Saturday, March 24, 2007

Is it okay to put business logic in stored procedure?

In my experience, i have come across maintaining some software where the business logic was written in stored procedures (or functions/triggers). Recently i collected some points on why this is not such a good idea. The main reason for the use of stored procedures in one product was to have multiple client types to be able to invoke the same business logic. But then we can achieve the same effect applying MVC (model view controller) pattern and keeping the model/business logic in the application code rather than stored procedure. Here are some other reasons why its not a good idea to write BL in stored procedures:

NOTE: Most of the ideas presented below are excerpted from this article.

1. If there are more than one interfaces and the BL is part in stored procedure and part in presentation tier then it becomes a maintenance headache to keep the different presentation tiers in synch.

2. Stored procedures form an API by themselves. Adding new functionality or new procedures is the "best" way to extend an existing API.This means that when a table changes, or behaviour of a stored procedure changes and it requires a new parameter, a new stored procedure has to be added. When stored proc is changed, the DAL/BL code needs to change too to call the changed/new stored proc whereas, if the SQL is generated on the fly from the DAL/BL code and there is no stored proc then only DAL code will change.
Microsoft also believes stored procedures are over: it's next generation business framework MBF is based on Objectspaces, which generates SQL on the fly.
In Java world, ORM (Object to Relational Mapping) frameworks like Hibernate and TopLink (and now Java Persistence Architecture, JPA) are meant to generate SQL on the fly too.

3.Business logic in stored procedures is more work to test than the corresponding logic in the application.
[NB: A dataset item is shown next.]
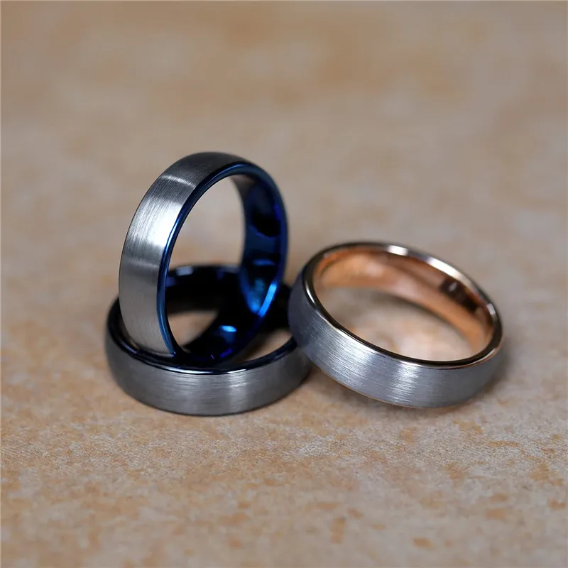 Tigrade Трендовое кольцо с синей внутренней стороной 6 мм, мужские ...

Referential integrity will often force you to setup a lot of other data just to be able to insert the data you need for a test.Stored procedures are inherently procedural in nature, and hence harder to create isolated tests and prone to code duplication. Another consideration, and this matters a great deal in a sizable application, is that any automated test that hits the database is slower than a test that runs inside of the application. Slow tests lead to longer feedback cycles.

4. While stored procedures may run faster, they take longer to build, test, debug and maintain, therefore this extra speed comes at a price.

5. BL in stored procs does not scale - If you have a system with 100's of distributed databases it is far more difficult to keep all those stored procedures and triggers synchronized than it is to keep the application code synchronized.

6. Locked in to the DB for which stored procs are written.

7. Porting the data will be one exercise, but porting the stored procedures and triggers will be something else entirely. Now, if all that logic were held inside the application, how much simpler would it be?

All changes made to the database can be logged without using a single database trigger. How? By adding extra code into the DAO to write all relevant details out to the AUDIT database. This functionality is totally transparent to all the objects in the Business Layer, and they do not need any extra code to make it work.